For mac user, the path for the download folder is:

 "/Users/USERNAME/Downloads/FILENAME.csv"

For windows user:

"C:\Users\USERNAME\Downloads\FILENAME.csv"

Note that, we should always specify the extension of the file name.

  • .csv
  • .xlsx
  • .txt
PATH <- '/datafolder/mtcars.csv'                
df <- read.csv(PATH, header =  TRUE, sep = ',')
length(df)

Output:

## [1] 12
class(df$X)

Output:

## [1] "factor"

R, by default, returns character values as Factor. We can turn off this setting by adding stringsAsFactors = FALSE.
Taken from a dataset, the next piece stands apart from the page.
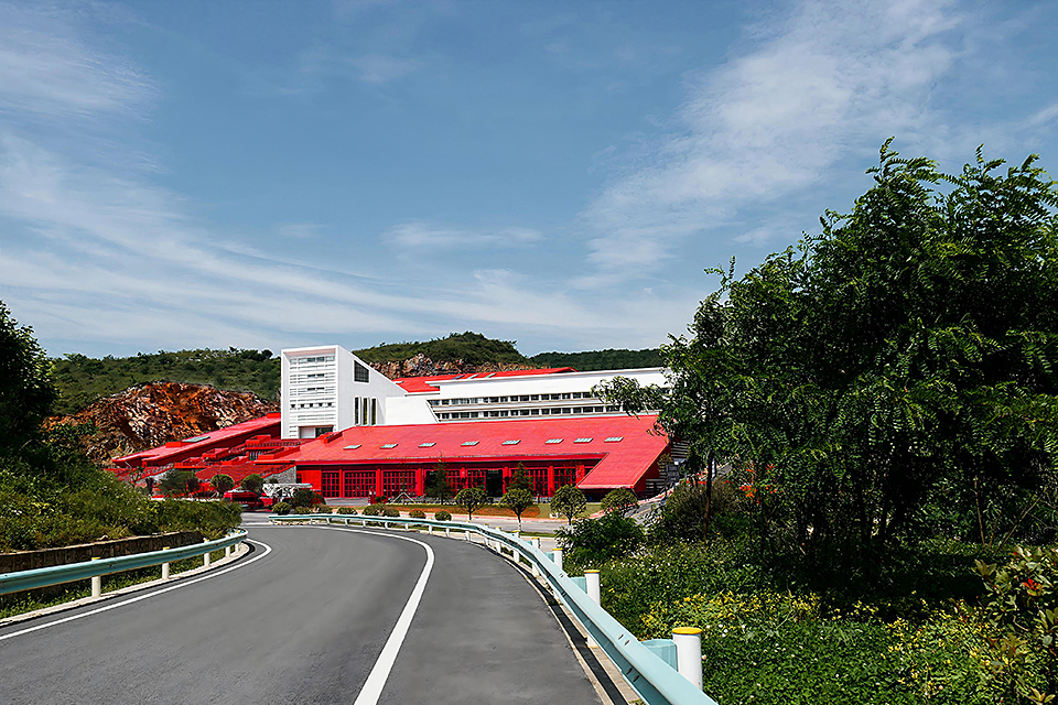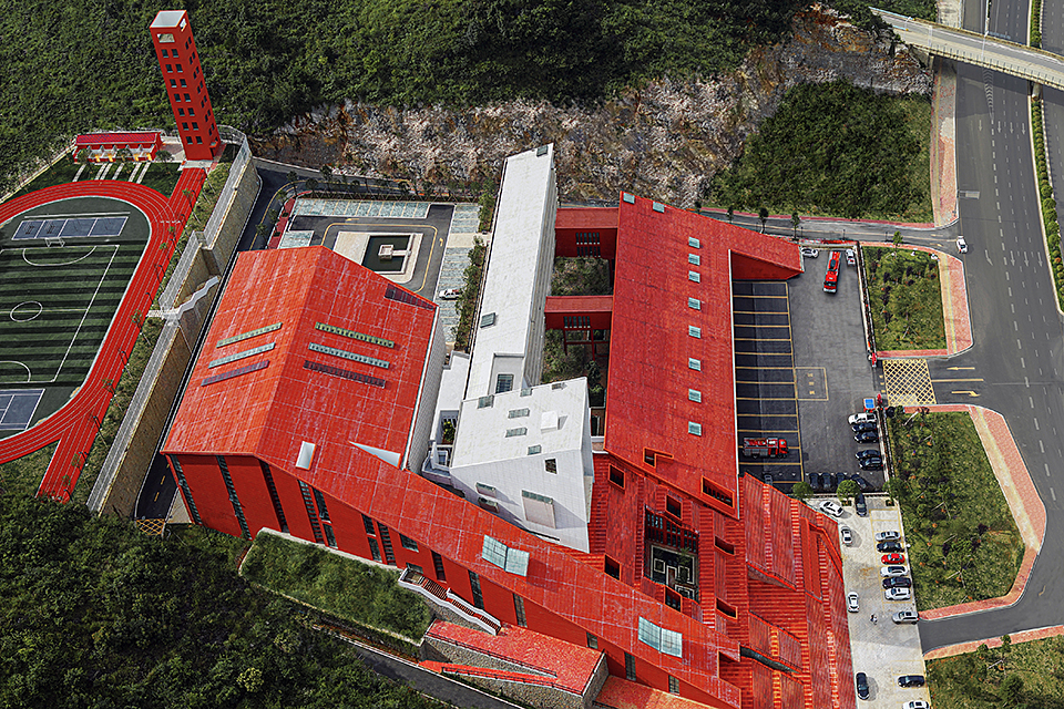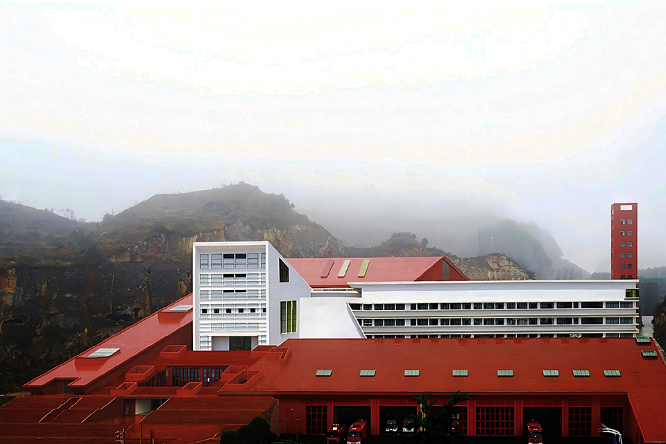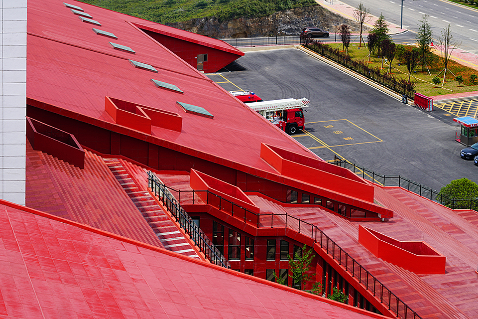 This project primarily serves the local needs for firefighting and emergency response, functioning as a vital urban public infrastructure. The design makes full use of the mountainous terrain, adapting to the site conditions and leveraging the natural landscape to create a grand and solemn architectural image. The overall layout adopts parallel L-shaped volumes to organize the mountainous space, effectively avoiding the disorder often caused by complex elevation differences and establishing a unified, orderly, and coherent spatial structure. The architectural form is inspired by the basic composition of peak cluster landforms—“mountain peak + base.” A large red sloped surface is inserted between two peaks, completing the landform composition while symbolizing the power and speed of firefighting and rescue missions. External architectural elements are kept minimal, with only a training tower and a white ceremonial hall breaking through the red slope at the northern corner. The hall is designed as a spiritually symbolic space of solemnity. The design follows the generative logic of local village settlements, adopting a hierarchical, isomorphic approach based on the pattern of “unit → group → cluster.” A series of terraced units enclose the white ceremonial hall, establishing a spatial order with a sense of progressive ritual. The white functional volumes form a striking contrast with the red architectural mass, enhancing both visibility and symbolic meaning. The overall form reflects the contours of the surrounding mountain landscape, expressing a harmonious integration of functionality and spiritual resonance.

PATH <- '/datafolder/mtcars.csv'
df <-read.csv(PATH, header =TRUE, sep = ',', stringsAsFactors =FALSE)
class(df$X)

Output:

## [1] "character"

The class for the variable X is now a character.

Read Excel files

Excel files are very popular among data analysts. Spreadsheets are easy to work with and flexible. R is equipped with a library readxl to import Excel spreadsheet.

Use this code

require(readxl)

to check if readxl is installed in your machine. If you install r with r-conda-essential, the library is already installed. You should see in the command window:

Output:

Loading required package: readxl.

If the package does not exit, you can install it with the conda library or in the terminal, use conda install -c mittner r-readxl.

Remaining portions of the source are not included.